Lounging and talking theology with the Triennium Energizers


What’s it like getting 4,000+ people hyped for worship?

by Rich Copley | Presbyterian News Service

Energizers offered during worship at the 2019 Presbyterian Youth Triennium have clearly had the desired effect. (Photo by Rich Copley)

WEST LAFAYETTE, Indiana — The morning of the fourth day of the 2019 Presbyterian Youth Triennium, we find the Energizers in an unexpected state: lounging.

Reclining in generously stuffed chairs, several with laptops in their laps, the members of the four-person crew are enjoying some casual time together in an actual green room before returning to their roles as the sparkplugs that light up Triennium, getting students hyped for worship services.

Things are so chill that the quartet even eases into a theological discussion. Yes, there is theology behind Revolution, the Aisha and mega golf.

But first, how did they get these jobs?

Naturally, may be the best answer. Or organically.

Eric Dillenbeck led recreation at Montreat Conference Center in North Carolina for the first time 20 years ago this month and had been involved with recreation ministry ever since. Joanna Wilkinson started teaching energizers at youth camp for the Cumberland Presbyterian Church and now co-owns a communications company, which pays off as she shoots and edits the videos that accompany the energizers.

Sofia Lazot went up the chain of recreation from participant to leader at Campamento El Guacio in Puerto Rico and began leading recreation at conferences for groups such as Presbyterian Women. And Levi Bannerman says recreation was a “family tradition” going back to his grandparents. His grandfather, Glenn Bannerman, is professor emeritus of recreation and outdoor education at Union Presbyterian Seminary.

“The theology of recreation and play was ingrained in me,” Bannerman says.

Theology. And Triennium attendees thought they were just miming selfies, doing dance steps and throwing their hands in the air like they just don’t care.

“I remember in seminary learning that games can be for fun or for a purpose,” Wilkinson says.

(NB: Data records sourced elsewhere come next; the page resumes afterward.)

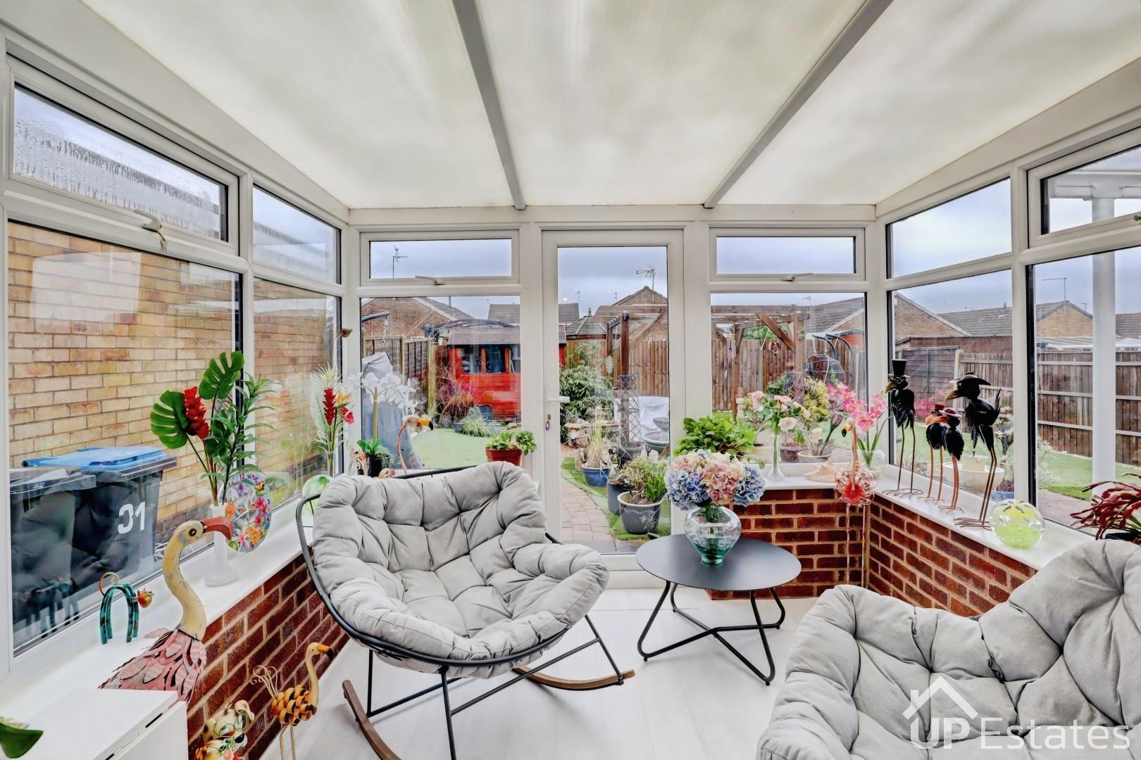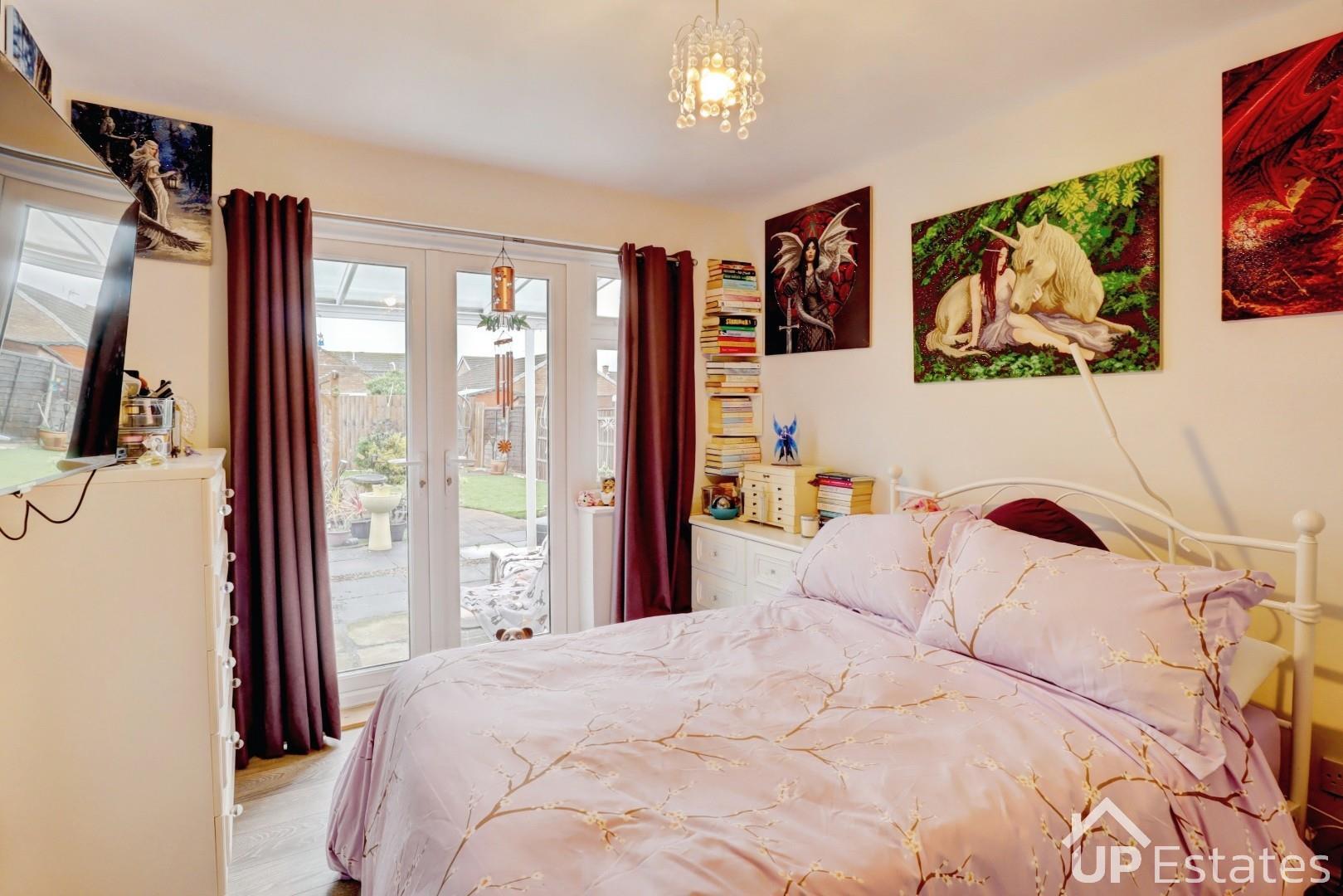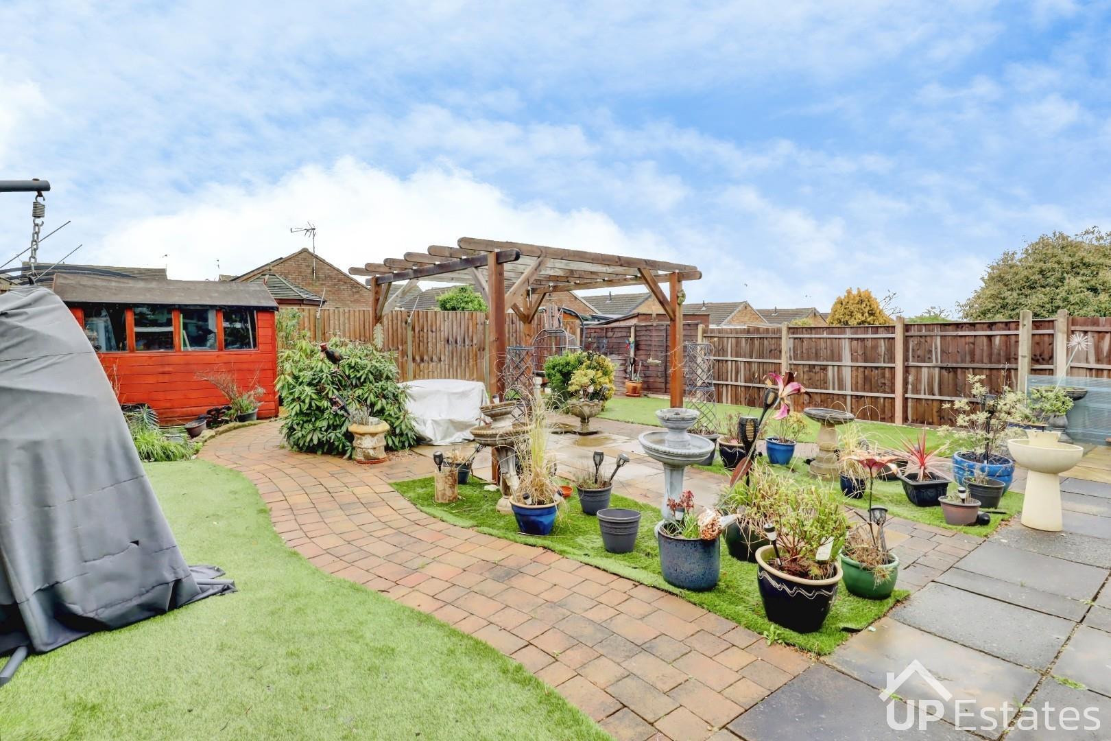 Both bedrooms are generously sized and overlook the attractive, low-maintenance rear garden. The principal bedroom is a standout feature, boasting French doors that open directly onto the garden, allowing natural light to pour in. The second bedroom enjoys access to a sun room at the rear, the perfect spot to unwind and enjoy the warmer months. Externally, the property continues to impress. To the front, a private driveway provides off-road parking for up to three vehicles and leads to a single garage, offering secure parking or additional storage, with access from both the front and rear. The enclosed rear garden is designed for ease of maintenance with artificial grass and features a central pergola, creating an excellent space for outdoor entertaining or peaceful relaxation. This beautiful detached bungalow presents an ideal opportunity for downsizers or those seeking single-storey living in a desirable location. This property has also undergone rewiring, refitted kitchen, central heating and windows within the last five years.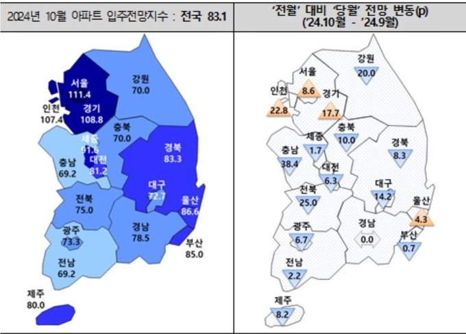 내달 전국 아파트 입주전망지수는 83.1로 전월보다 5.2포인트 하락할 것으로 조사됐다. 하지만 지역별 양극화가 뚜렷한 모습이다.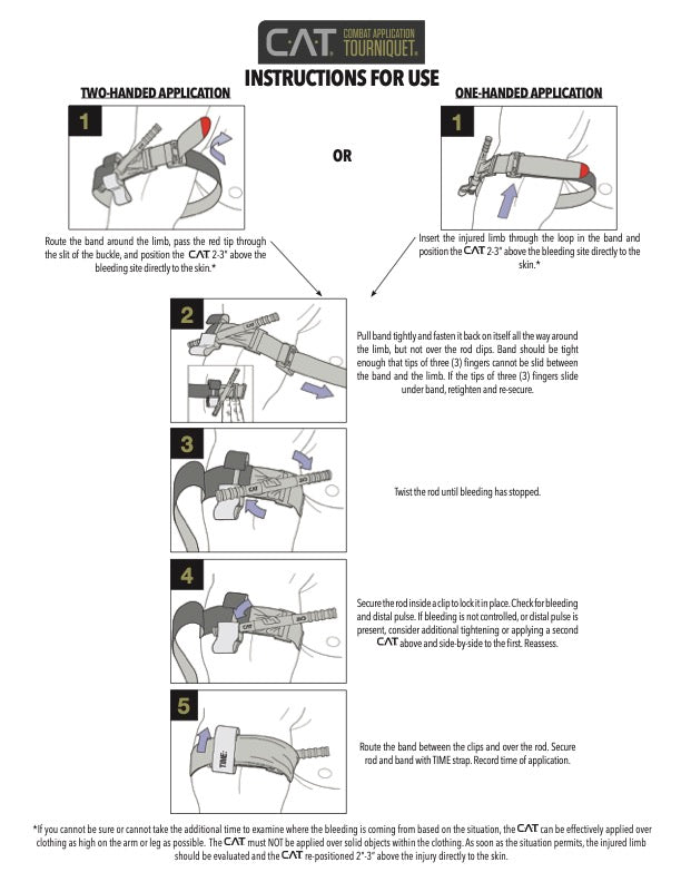 Noted as the best prehospital tourniquet in the February 2008 supplement of The Journal of Trauma The patented C-A-T® is a true one-handed tourniquet proven to be 100% effective by the U.S. Army’s Institute of Surgical Research. Tests proved that the CAT completely occluded blood flow of an extremity in the event of a traumatic wound with significant hemorrhage.The Gen 7 CAT utilizes a durable windlass system with a patented free-moving internal band providing true circumferential pressure to the extremity. Once adequately tightened, bleeding will cease and the windlass is locked into place. A hook and loop windlass retention strap is then applied, securing the windlass to maintain pressure during casualty evacuation. The patented Combat Application Tourniquet® (C-A-T®) featuring the proprietary red tip design and the mechanical advantage of a band within a band has been the Official Tourniquet of the U.S. Army since 2005. The innovations in the CAT are protected by U.S. Patent Nos. 7,842,067 and 7,892,253.

They even check themselves when they say game, because the idea behind the energizers is that everybody is together, and everybody succeeds.

“That’s why we teach,” Dillenbeck says of the moments before each energizer where they walk the audience through the moves.

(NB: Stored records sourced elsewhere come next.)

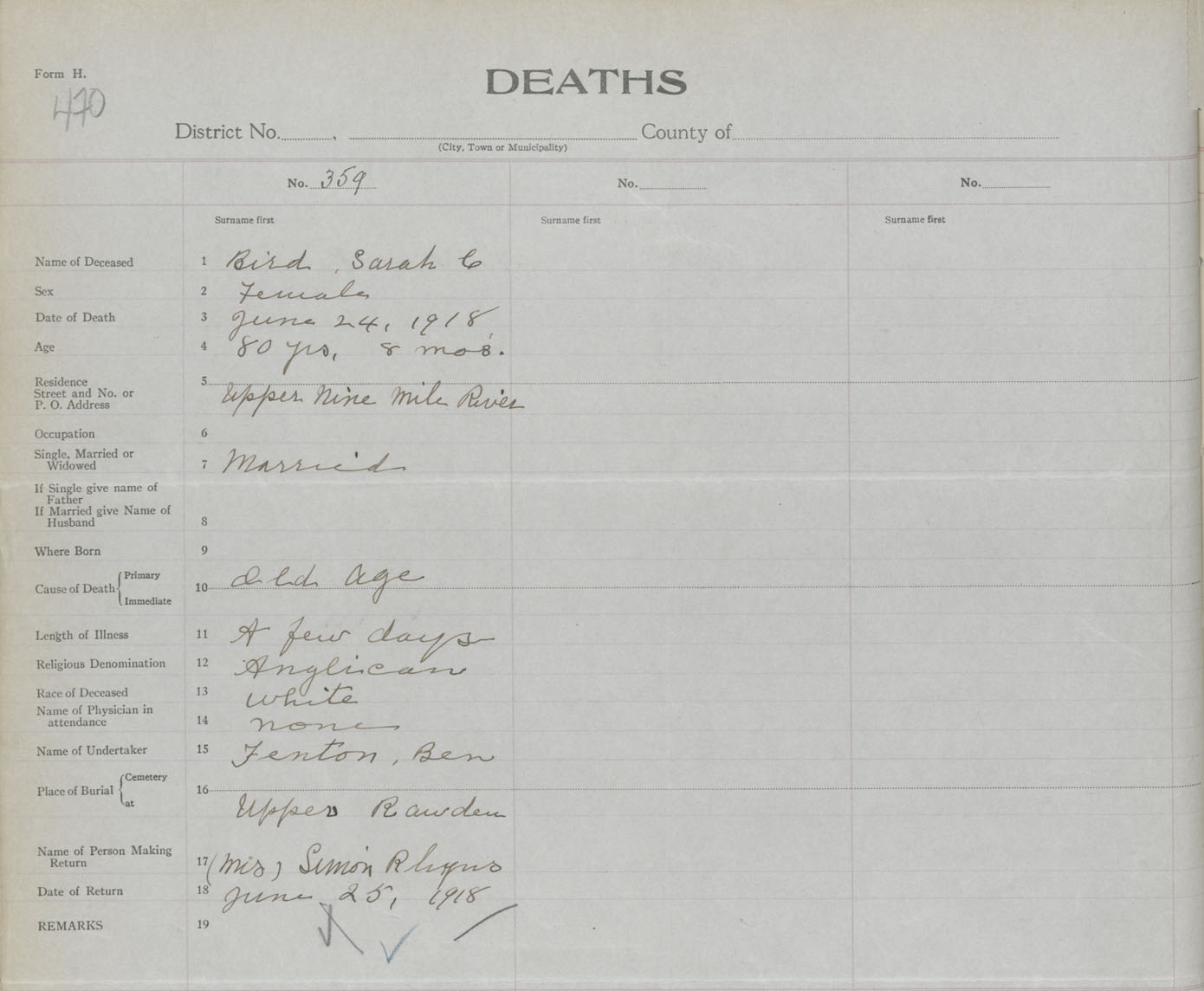 Female Death Registration: Year: 1918 book: 35 page: 470 number: 359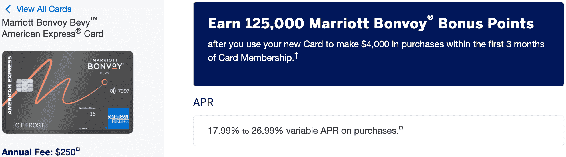 The Bonvoy Bevy earns 25,000 fewer points (125,000 points vs. 150,000 points), but requires $1,000 less in spending ($4,000 vs. $5,000) and $400 less in annual fees ($250 vs. $650).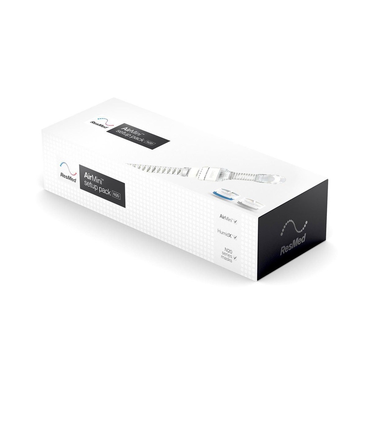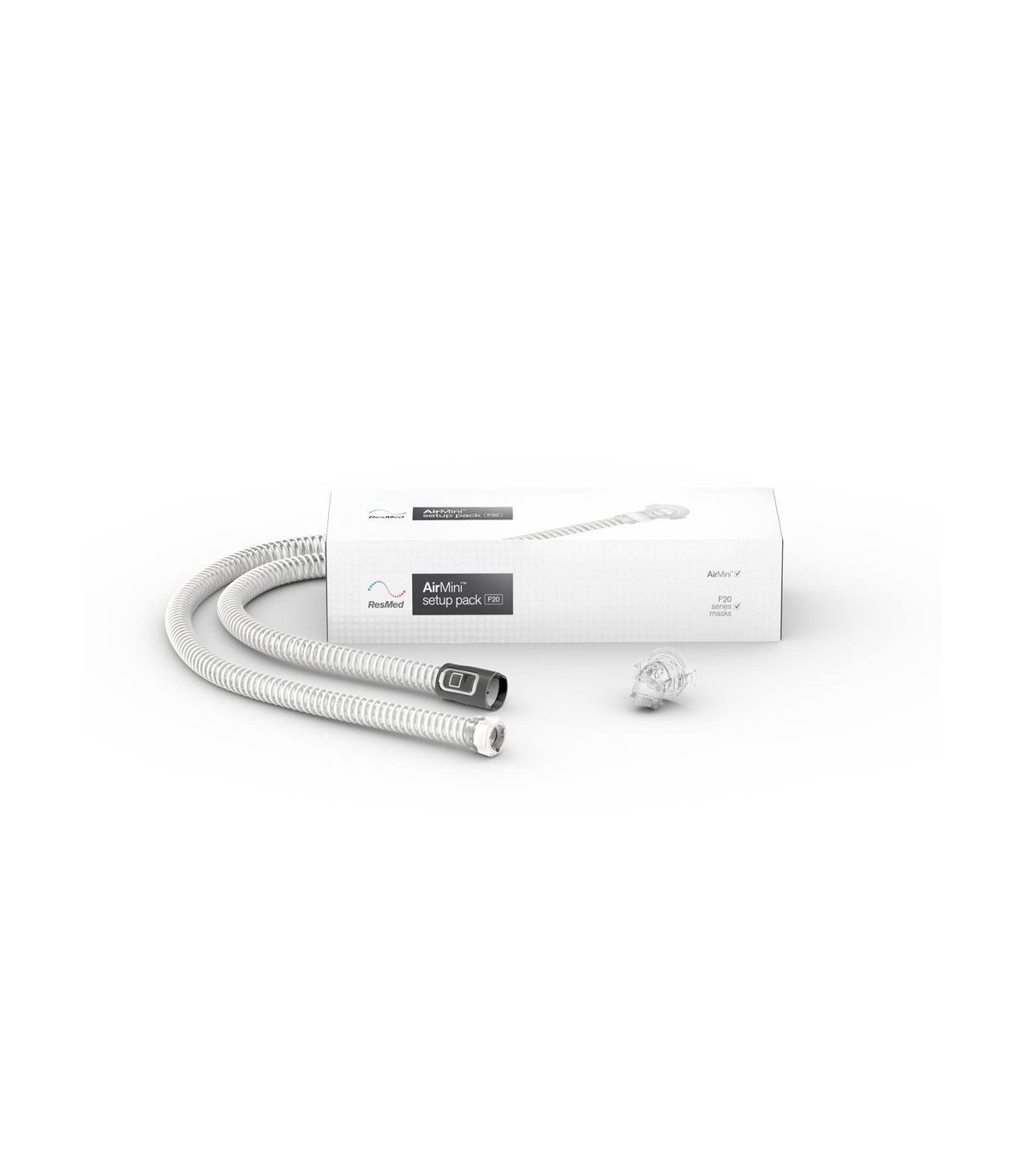 Il kit adattatore contiene un adattatore per le maschere facciali (acquistabili a parte) AirFit F20 e AirTouch F20 con tutti gli accessori necessari per il collegamento con il dispositivo Auto CPAP AirMini AutoSet di ResMed.

Lazot says, “If you don’t know the steps, how can you play? It’s helping each other out and bringing the church community together.”

And a lot of work goes into that community building. The four-person crew, which also oversees recreation activities outside of worship, started coming together a year and a half ago and met for the first time in January. A lot of that time is devoted to recreation events, but they also started mapping out energizers, which they say often start with reinforcing the theme of the day and then the accompanying song.

Catching the Triennium Energizers in a pensive moment is a rare event. From left are Levi Bannerman, Sofia Lazat, Eric Dillenbeck and Joanna Wilkinson. (Photo by Rich Copley)

Over the years, songs have rotated in and out of the energizer repertoire, the enduring classic being Kirk Franklin’s “Revolution,” which pretty much needed no introduction this year. Being introduced was an energizer to a song by K-pop superstars BTS as well as others with new moves and ideas.

And of course, there are the videos, which are intentionally recorded seating to show how people who cannot stand can participate.

“I hope these videos show that these can be accessible,” Bannerman says. “We want everyone to feel included.”

And if you feel kind of goofy, so does everyone else.

“We’re not trying to be cool,” Wilkinson says.

Watching the four of them, you’d think none of the Energizers needs to work out, though Dillenbeck allows, “I wish I had done more working out before I came here.”

They all say they get a lot of energy from the crowd of more than 4,000 that packs into Purdue University’s Elliott Hall of Music for each worship service.

“I know how excited I was participating in the energizers and games when I was coming here,” Wilkinson says. “I want to make people feel as excited and included as I did.”

Lazot remembers the effort her youth groups would put in to make the journey from San Juan to Triennium, raising money for the trip and traveling long distances.

“They are extremely happy to be here,” Lazot says, “and I feel like it’s my responsibility to make sure it was all worth it.”